Relying on beneficial insects has meant that only products safe for biocontrol can be used. Two products from Omex have proved useful in improving fruit quality, namely Kelpak and CalMax Ultra. Fruit firmness was an issue with larger fruiting varieties like Amesti, and Gerry was looking for an environmentally friendly solution. Kelpak is an organic biostimulant containing a concentrated extract of the kelp species Ecklonia maximaand CalMax Ultra contains calcium in conjunction with a ‘pump primer’ that ensures that the calcium can be actively transported into plant cells. Biostimulants are especially useful in encouraging plants to develop early root systems, so they are better able to access water and nutrients later in the growth cycle. Biostimulants are different from nutritional fertilisers as they may also contain a mixture of things such as micro-organisms, trace elements, enzymes, plant hormones and seaweed extracts that enhance the performance of the plant.

“CalMax Ultra helps calcium to move around the plant and Kelpak has two functions: one, to get calcium into the fruit to make it firmer, and secondly, it helps development of the pollen tube, leading to more uniform berry size and shape. Now we see very few big ugly fruits,” explains Gerry. Spray applications of Kelpak and CalMax Ultra have solved the fruit quality problem, “I now have a happy packhouse manager” he adds. Alastair says he can’t remember the last rejection for wet bruising. Gerry continues, “Since we started using Kelpak and CalMax Ultra from flowering onwards, we’ve noticed Class 1 fruit has increased a lot.

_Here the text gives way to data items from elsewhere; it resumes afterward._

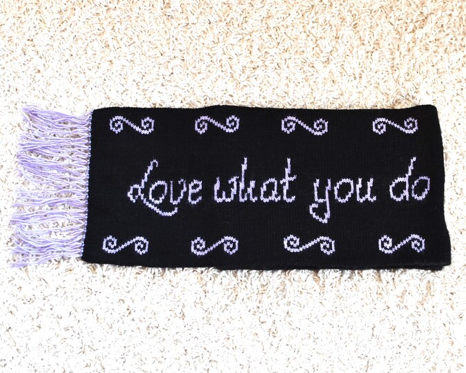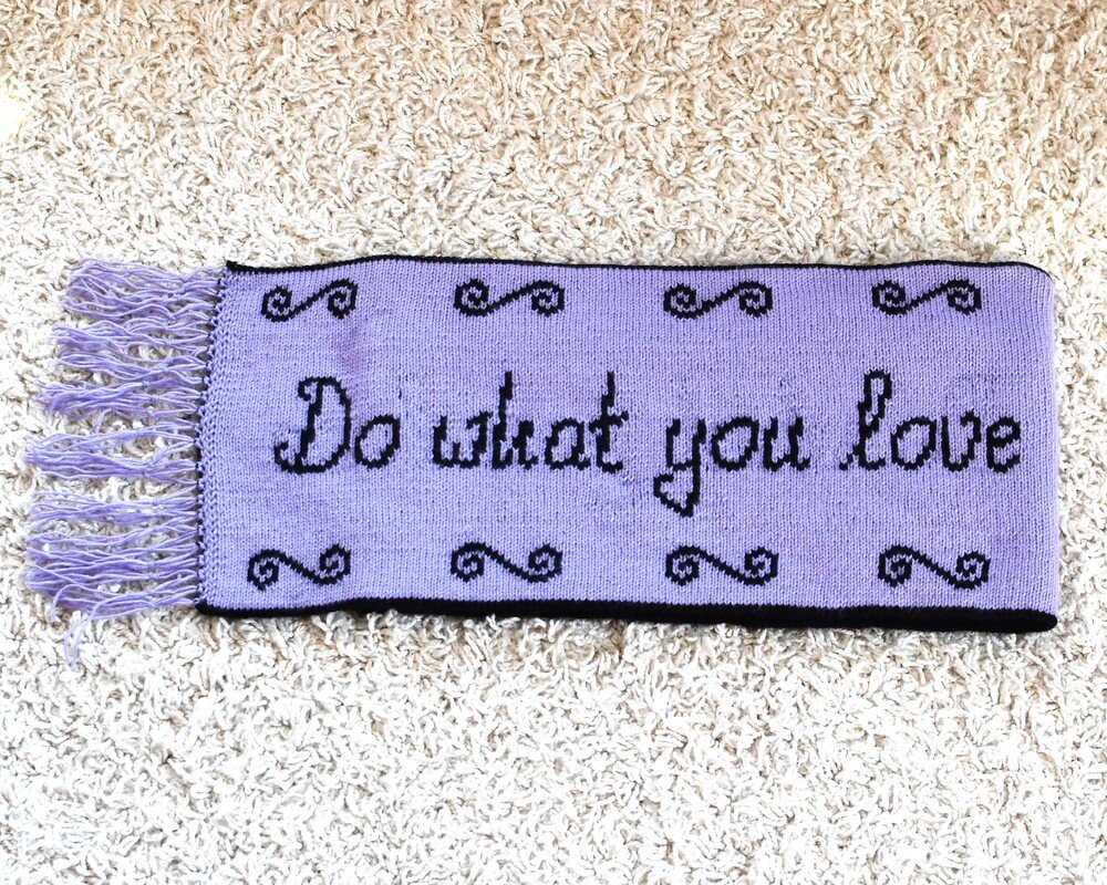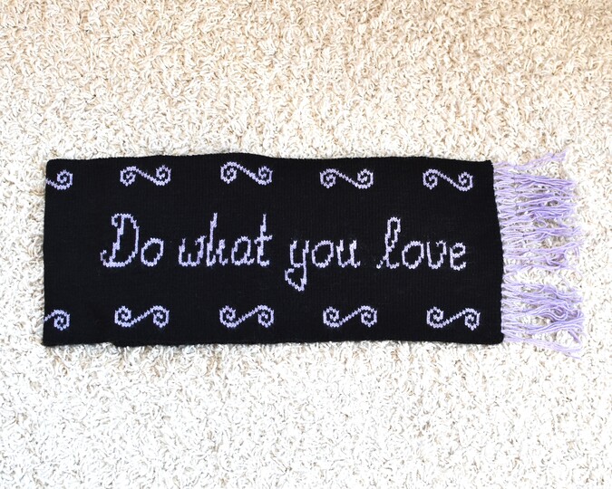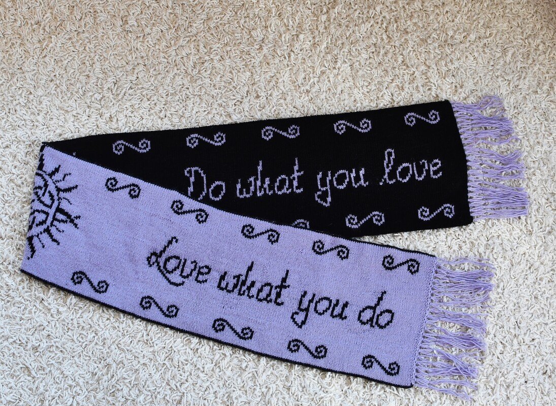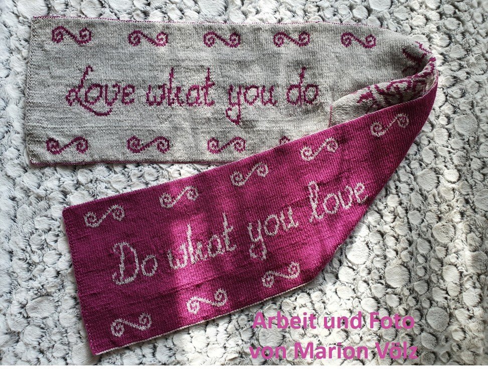 „Do what you love“ und “Love what you do” – wer das beherzigt, kommt gleich ein Stück weit glücklicher durch’s Leben. Auch wenn es im Alltag manchmal schwierig umzusetzen ist, hilft es doch, sich das immer wieder in Erinnerung zu rufen. Dieses schöne Lebensmotto habe ich in einer kuscheligen Stola umgesetzt, ergänzt um eine strahlende keltische Sonne. Die Schriftzüge können ebenfalls als Verlängerung für eine (Baby-)Decke verwendet werden, siehe Beispiel auf dem letzten Produktbild.
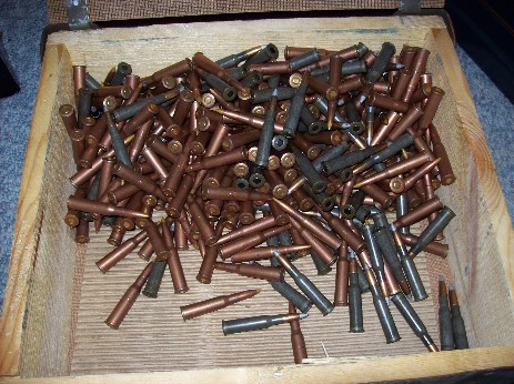 1. Loose Ammo in crate 250 rounds copper washed full metal jacket + 118 rounds lacquered case heavy ball @ $
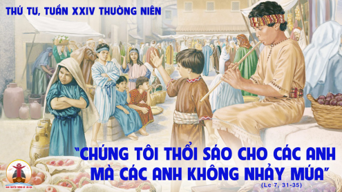 Khi ấy, Chúa Giêsu phán rằng: “Ta sẽ phải nói những người của thế hệ này giống ai đây? Họ giống ai? Họ giống như những đứa trẻ ngồi ngoài đường phố gọi và nói với nhau rằng: “Chúng tôi đã thổi sáo cho các anh, mà các anh không nhảy múa. Chúng tôi đã hát những điệu bi ai, mà các anh không khóc”.

Starting four years ago, we’ve been adding a bit more each year and now we wouldn’t be without them on strawberry production.”

A challenging 2018 season provides lessons for 2019

Langdon Manor Farm is an early site, with the variety Flair grown in bags on beds on the ground instead of table-tops, giving seven to 10 days earlier production. The late winter brought the ‘Beast from the East’ which meant that in the farm weather station temperatures as low as minus 17C were recorded on 27 February. Despite the cold weather, the season started on 20 April, so Gerry says, “The farm was producing when very few others had fruit, and fruit quality was very good in June, but it got harder as the season progressed. The prolonged hot spell in July caused issues with thermo-dormancy, which led to poor yields of everbearers in September and October.

The June-bearer Malling™ Centenary was a success, with better plant quality leading to fewer problems and Gerry was pleased with the 30 tonnes/ha yield which was “better than expected”. As a Berry Gardens member, the farm grows Driscoll Premium varieties like Elizabeth. Gerry describes Elizabeth as tasting brilliant with a real sugar rush when you eat it straight off the plant. With everbearers, the farm mostly grows Amesti but was trialling new Driscoll varieties Zara and Katrina in 2018 and found them less affected by thermo-dormancy, so will grow more in 2019.

The major issue for soft-fruit growers continues to be labour, and this is reflected in plans for the future. As Alastair says, “It’s all about labour, no-one wants to be bending over anymore, so all crops will be on table-tops. Keep people happy and you’ll have returnees”. The early crop of Flair will be grown in pots on the ground until after flowering under lowered tunnels, then, as the tunnels are raised on telescopic legs, the plants will be lifted onto table-tops for ease of picking. Improved productivity has been the answer to a 300 per cent increase in labour costs. “We use the same number of people to produce twice as much fruit as we did five years ago”, says Alastair. Innovations, like roller doors on the tunnels, have saved labour as you used to need a team of four to help open and close doors during spray rounds. In general, there is a substitution of labour for capital. This is driving the move to all table-top production, breeding larger easy-to-pick berries, and annual planting systems, as these are easier to harvest.

Alastair is spending even more on facilities for pickers, as the focus is on looking after people better. “The biggest crisis is when the internet goes down,” he jokes. “We get valuable feedback via mid-season and exit questionnaires, which we act on. We have had to adjust pay rates to make it more attractive and at present figures for 2019 show a nearly 80% returnee rate which is better than 2018.”